Tuesday 2 September 2008

Darling blows smoke into punctured bubble

The housing bubble burst splattering mud on the faces of the government. Blair sneaked out just in time to let Brown take the heat, though it’s as much his doing as Brown’s. Now Brown has the impossible task of looking like a good leader when he’s up to the neck in it.

So today, after Brown confirms he's sticking with the Chancellor, Alistair Darling tries to blow some smoke back into the bubble. He preps us by telling us over the weekend that we’re entering the worst economic period going back 60 years.

Darling’s puff seems rather short. The main measure, estimated to cost the Treasury £615m, is a one-year stamp duty holiday on house purchases valued between £125,000 and £175,000. The stamp duty on these properties is, in any case only 1%.

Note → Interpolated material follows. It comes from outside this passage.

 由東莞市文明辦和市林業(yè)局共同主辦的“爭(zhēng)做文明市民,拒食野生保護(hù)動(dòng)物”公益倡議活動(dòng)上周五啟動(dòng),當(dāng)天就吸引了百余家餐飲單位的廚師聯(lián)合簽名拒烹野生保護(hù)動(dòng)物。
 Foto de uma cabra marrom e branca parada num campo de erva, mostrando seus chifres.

Buyers are not likely to coming flocking back to the market with such a tiny incentive, especially when mortgage providers have reduced the proportion of the property value that they're prepared to lend by much greater percentages.

Moreover, the entire housing market has burst, not just the cheap end. Properties valued over £500,000, which attract 4% stamp duty, have also stopped changing hands.

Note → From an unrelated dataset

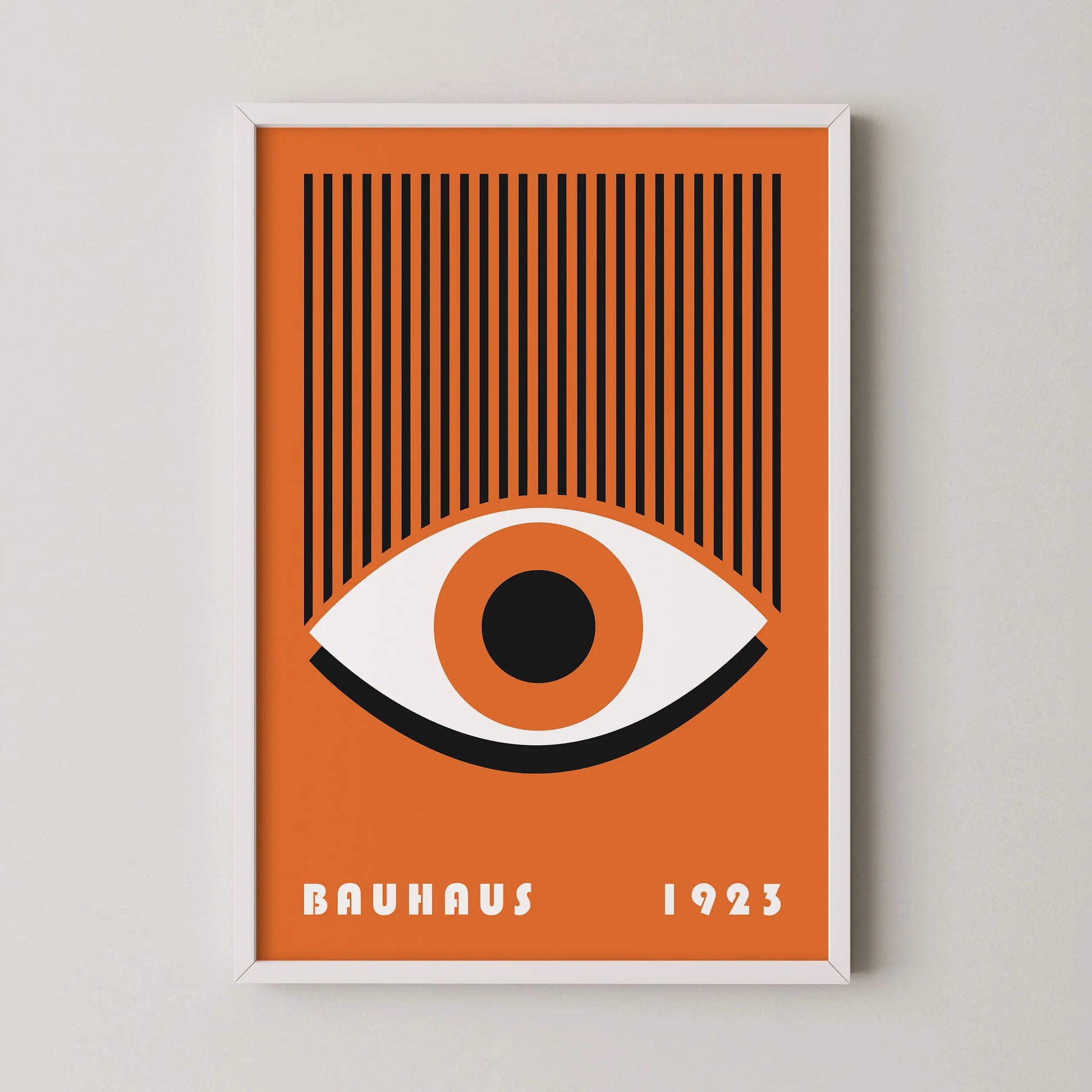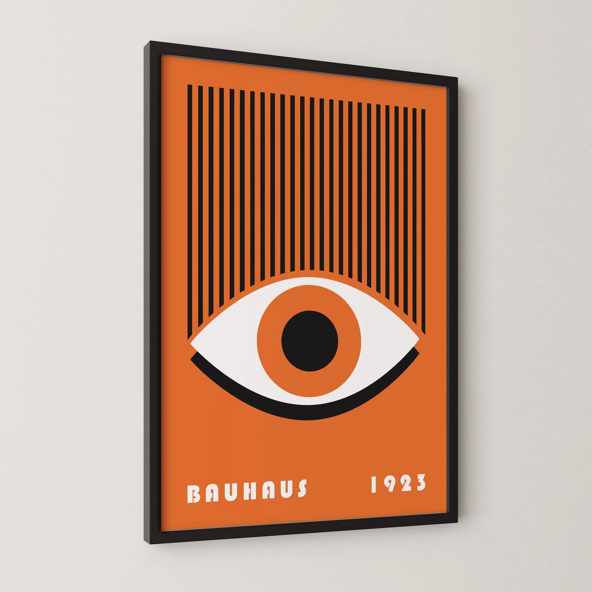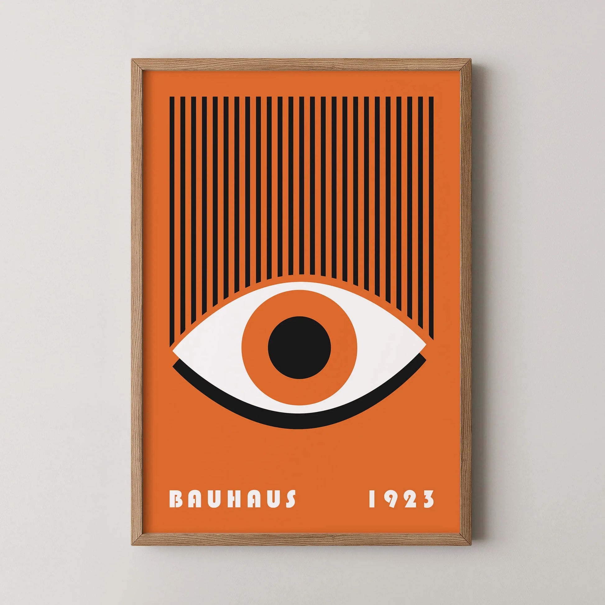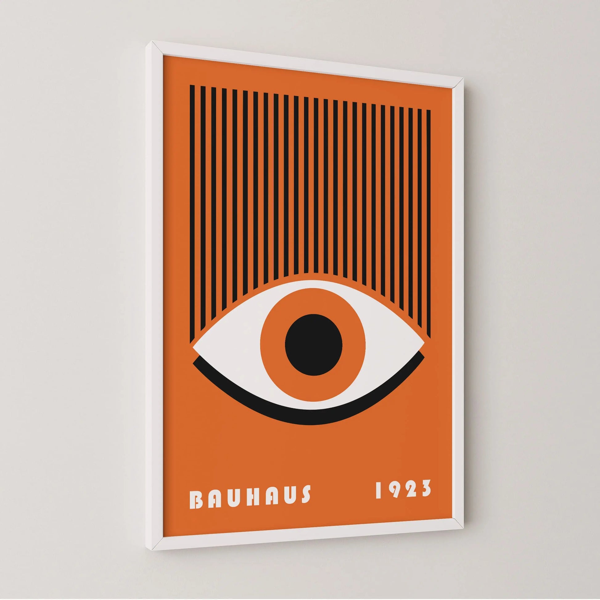 This vintage geometric Bauhaus poster is composed of parallel vertical straight lines on the upper part and the Bauhaus eye in the center on an orange colored background.

It seems, then, that this is a populist measure aimed at getting grassroots traditional Labour supporters to get behind the party. These are the people who are most likely to benefit from the shared ownership proposals whereby Housing Associations could take part ownership through partial sale-and-rent-back deals.

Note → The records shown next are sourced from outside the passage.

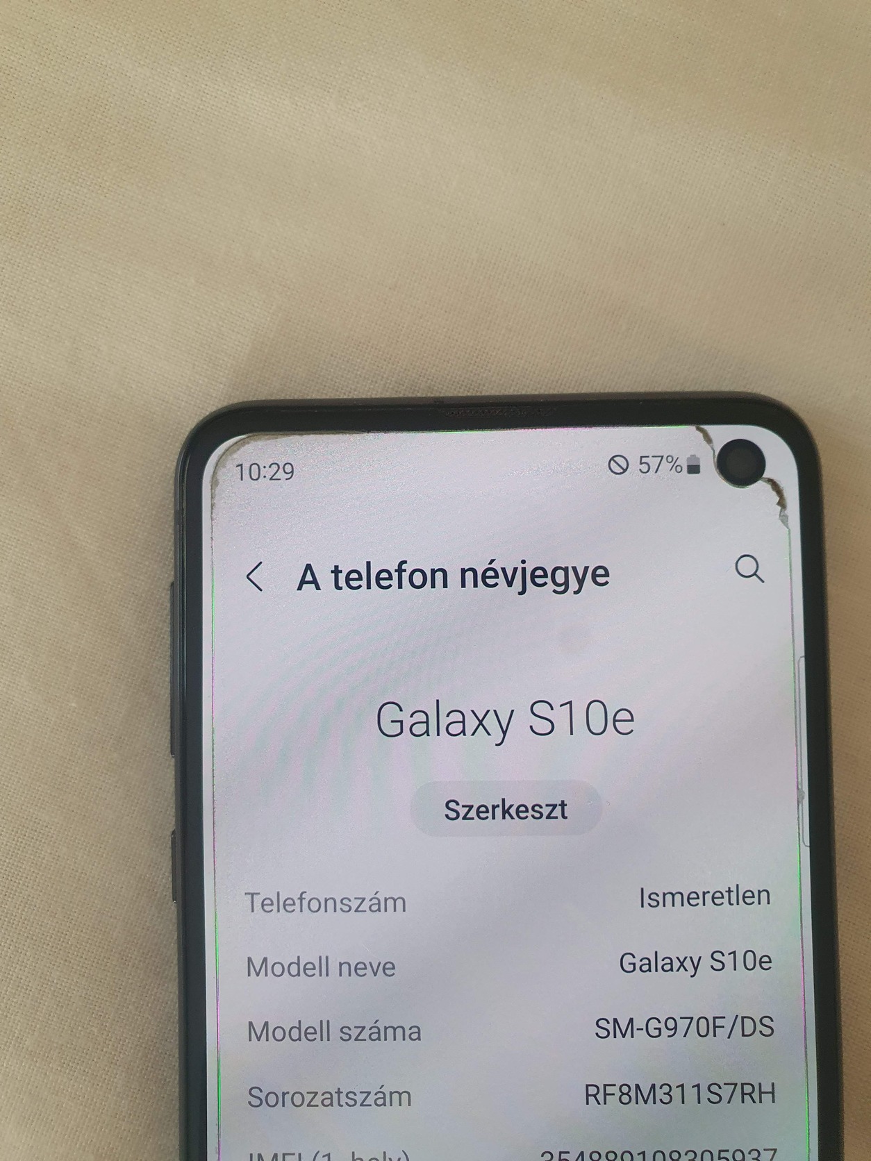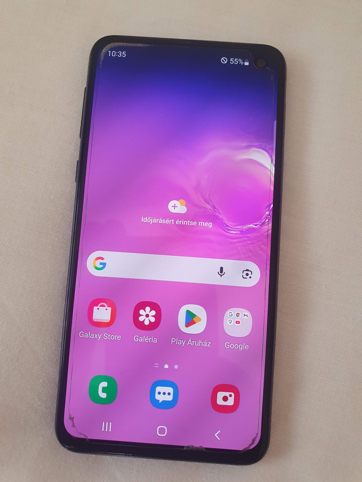 Samsung Galaxy S10e , töltő, kábel nélkül, szép jó állapotú, nem kopott ,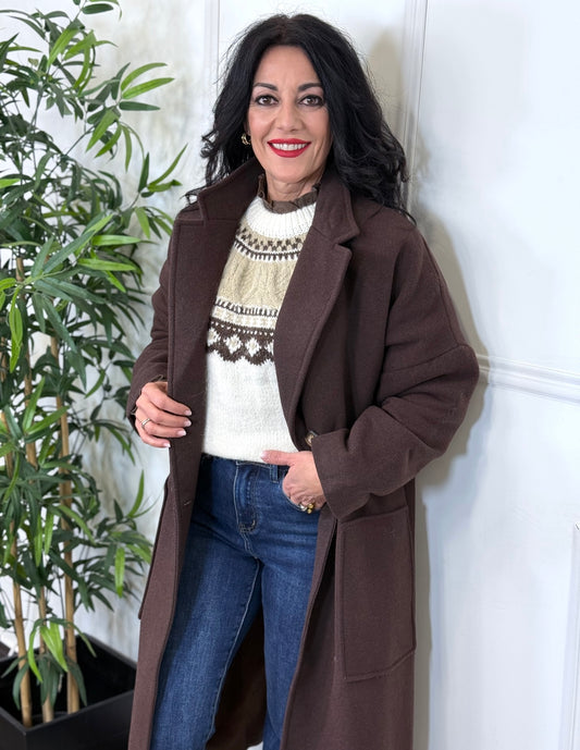 AgotadoABRIGO AMBAR PAÑO CHOCOLATE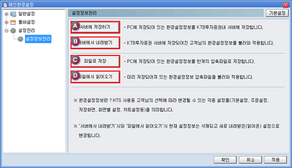 PC¿¡ ÀúÀåµÇ¾î Àִ ȯ°æ¼³Á¤Á¤º¸¸¦ ¼¹ö ȤÀº ÆÄÀÏ·Î ÀúÀå/³»·Á¹Þ±â ÇÒ ¼ö ÀÖ½À´Ï´Ù.

If, on the other hand, the government really wants to pump up the housing market, we have a big problem. The bubble needs to deflate. Never before has there been such a disconnect between earnings growth and house price inflation as has been seen in the last 10 years.

House prices have risen beyond the growth of the economy and ultimately to its detriment. The house bubble was bound to burst and the economy to implode when property values were increasing because buyers were taking on debt of greater and greater proportions to the total value of the purchase.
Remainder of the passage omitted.